====== Dataset content
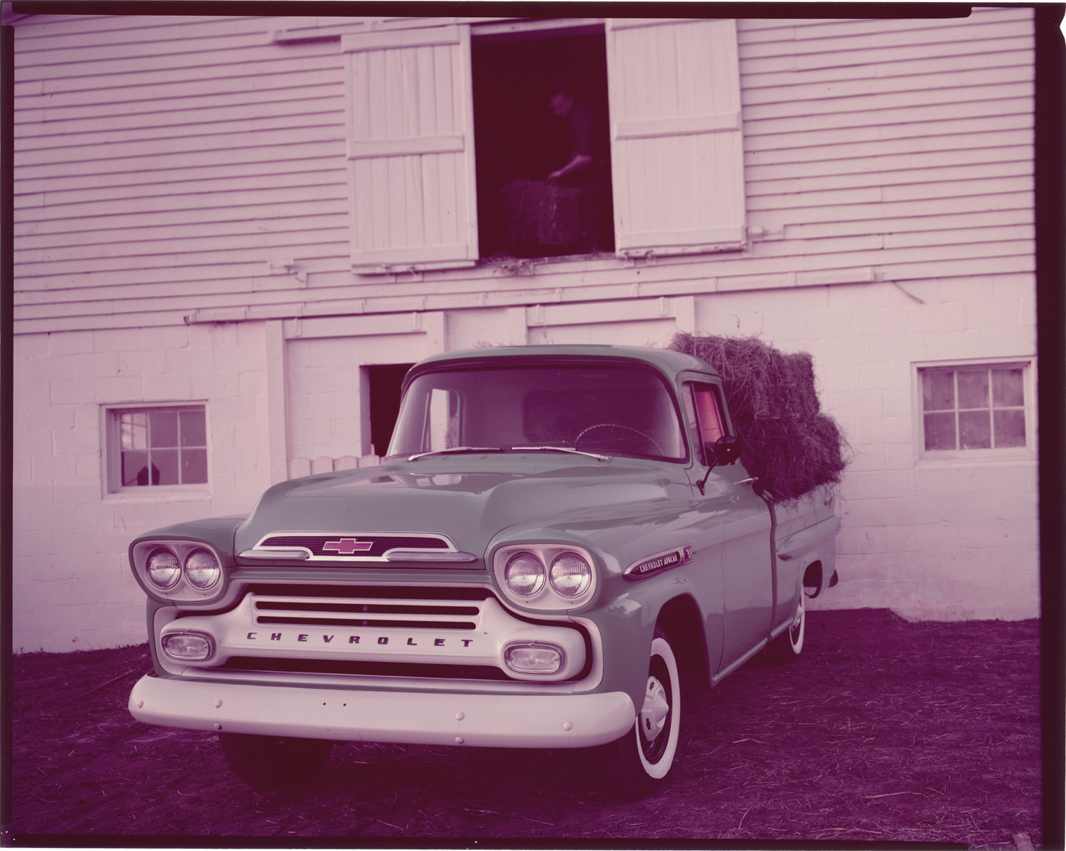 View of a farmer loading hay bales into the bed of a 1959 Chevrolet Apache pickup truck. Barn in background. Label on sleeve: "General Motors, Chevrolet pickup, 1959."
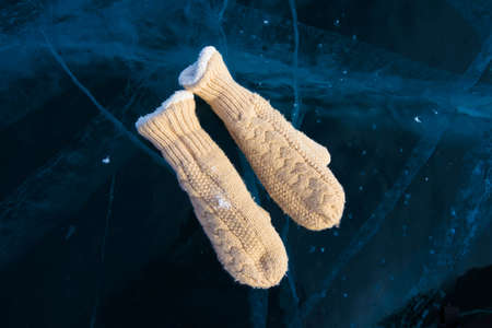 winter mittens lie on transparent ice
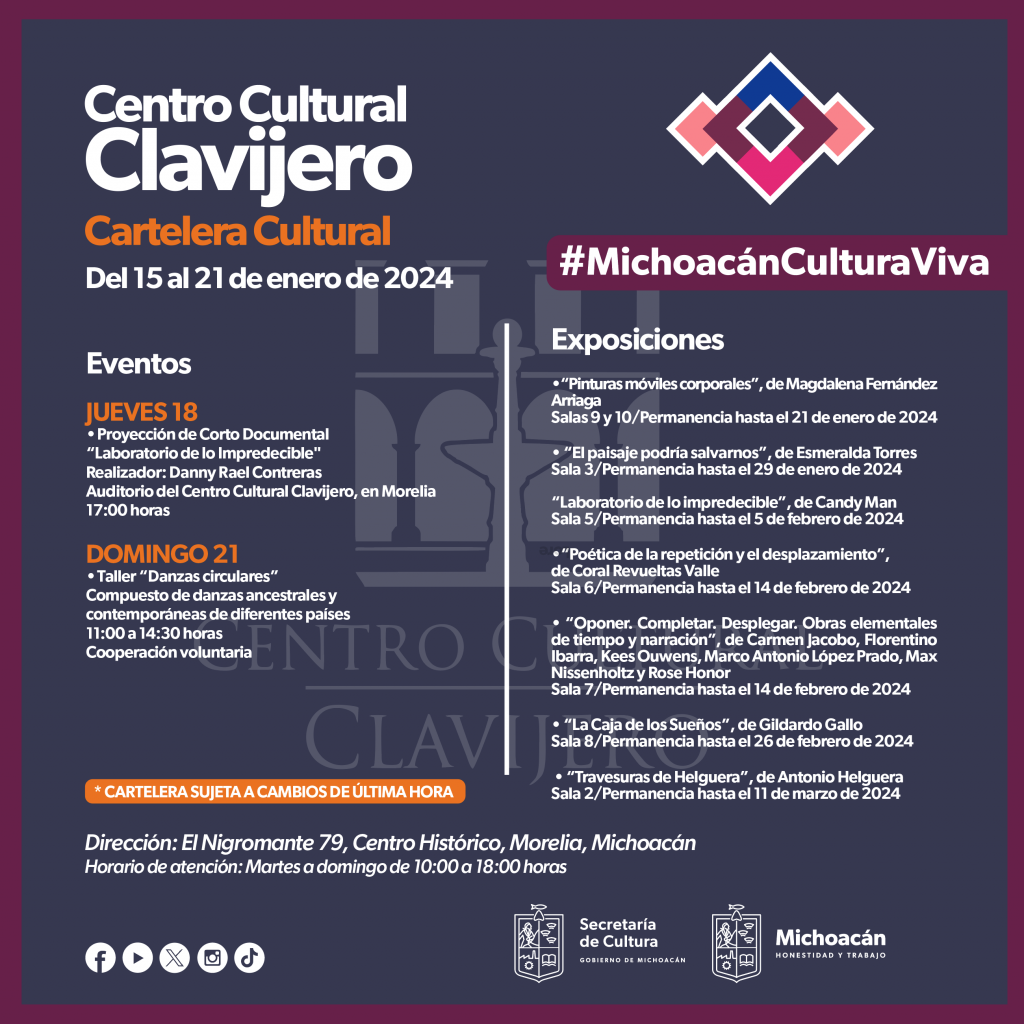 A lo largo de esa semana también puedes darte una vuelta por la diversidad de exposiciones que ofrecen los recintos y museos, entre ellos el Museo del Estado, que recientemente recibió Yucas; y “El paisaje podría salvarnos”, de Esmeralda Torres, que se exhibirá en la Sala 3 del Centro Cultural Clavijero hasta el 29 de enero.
============
====== Dataset content
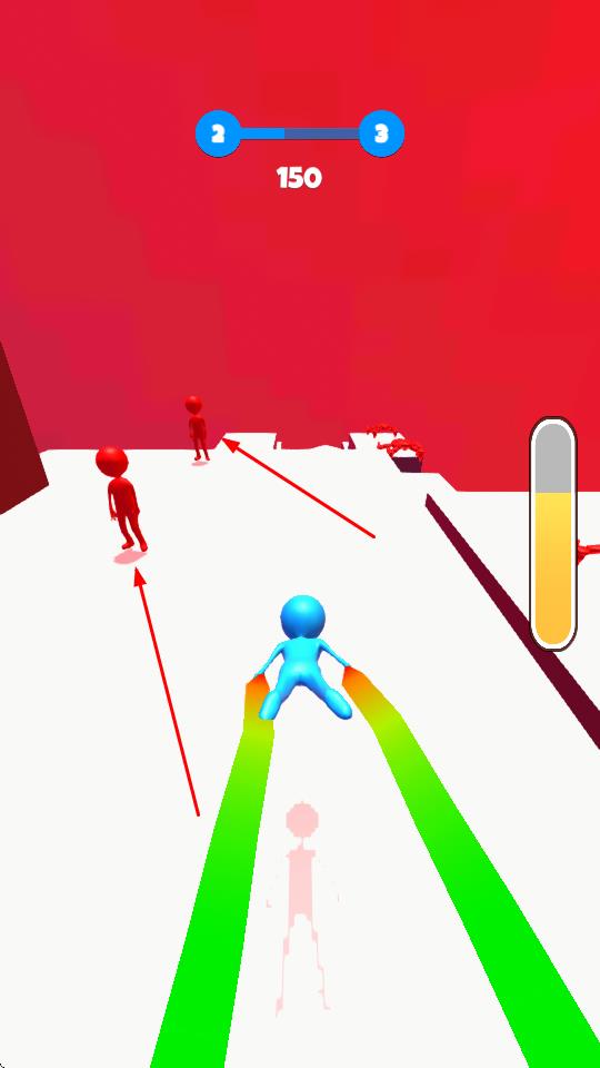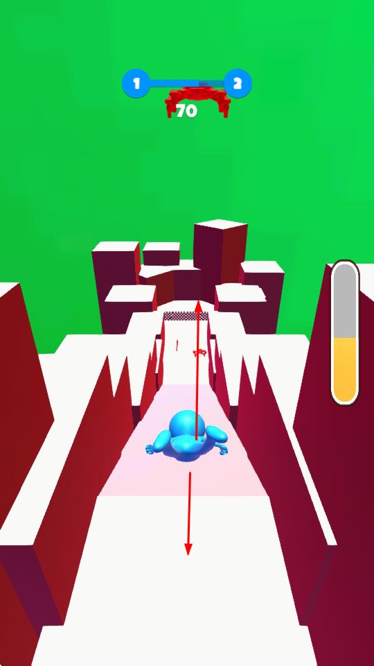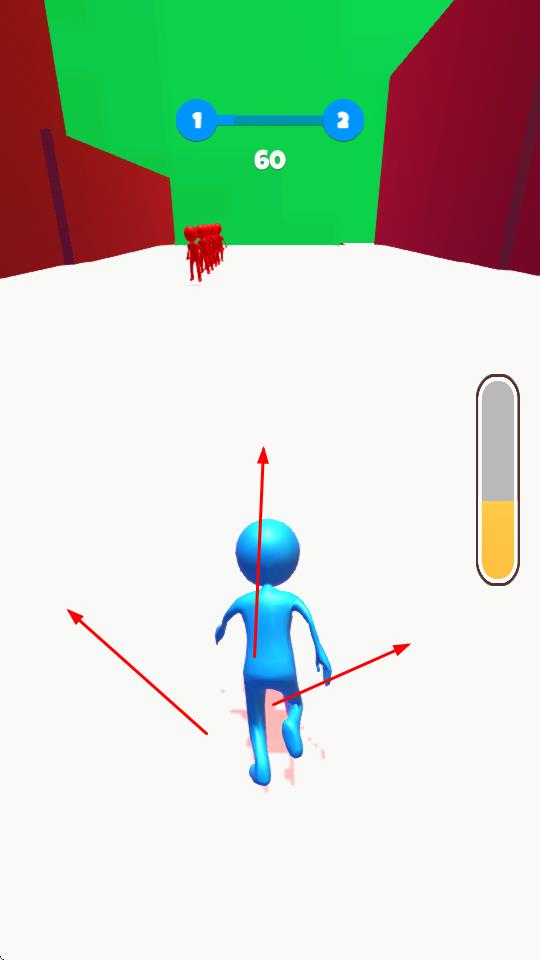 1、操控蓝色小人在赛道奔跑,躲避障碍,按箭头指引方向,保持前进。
============
What are the lines above from the one with "winter mittens lie on transparent ice" to the one with "A lo largo de", both included? Reproduce them exactly, without pictures.

 winter mittens lie on transparent ice
 A lo largo de esa semana también puedes darte una vuelta por la diversidad de exposiciones que ofrecen los recintos y museos, entre ellos el Museo del Estado, que recientemente recibió Yucas; y “El paisaje podría salvarnos”, de Esmeralda Torres, que se exhibirá en la Sala 3 del Centro Cultural Clavijero hasta el 29 de enero.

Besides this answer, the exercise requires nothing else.